By the way, according to a google search: Gross Domestic Product (GDP) includes some government spending. In the standard expenditure approach, GDP is calculated using the formula

$GDP = C + I + G + (X – M)$.

In this formula, the “G” represents government consumption expenditures and gross investment. This includes things like:
  • Salaries of public workers
  • National defense and military equipment
  • Infrastructure like new schools, highways, and bridges
What is excluded?

Only the government’s purchases of goods and services produced in the economy count toward GDP. A large portion of government spending goes toward transfer payments—such as Social Security, unemployment benefits, and veteran’s benefits. These are not counted in GDP because the government does not receive a new good or service in return for them; they are simply transfers of income.
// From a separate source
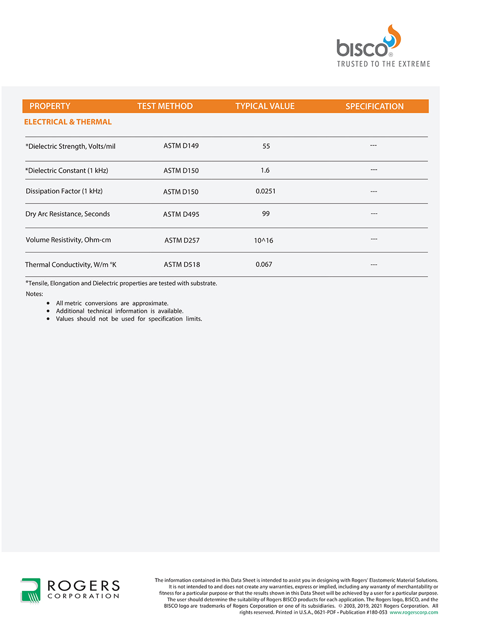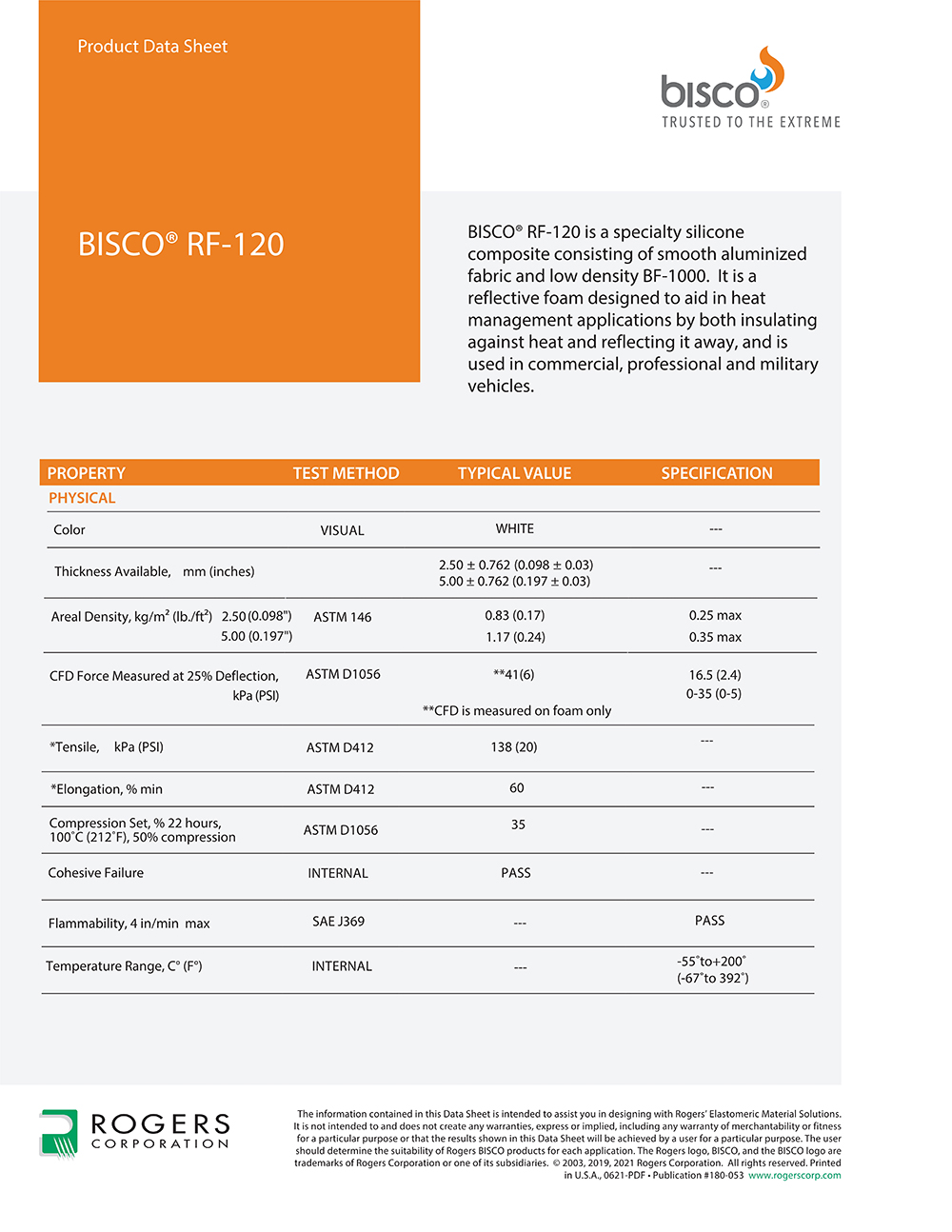 羅杰斯BISCO? RF-120 硅膠熱防護材料

How Medicare Enters the GDP Equation
The Bureau of Economic Analysis (BEA) factors Medicare into GDP through the Expenditure Approach equation (GDP = C + I + G + NX). It does this by splitting the money into two categories:
  • Personal Consumption Expenditures (C): The vast majority of Medicare spending is classified as “Government Social Benefits to Persons.” When Medicare pays a private hospital or doctor for a beneficiary’s treatment, it is counted as a household consumer health expense.
  • Government Consumption (G): The smaller portion of Medicare funding used strictly to manage the program—such as administrative costs, processing fees, and running the federal offices—is counted directly as government spending.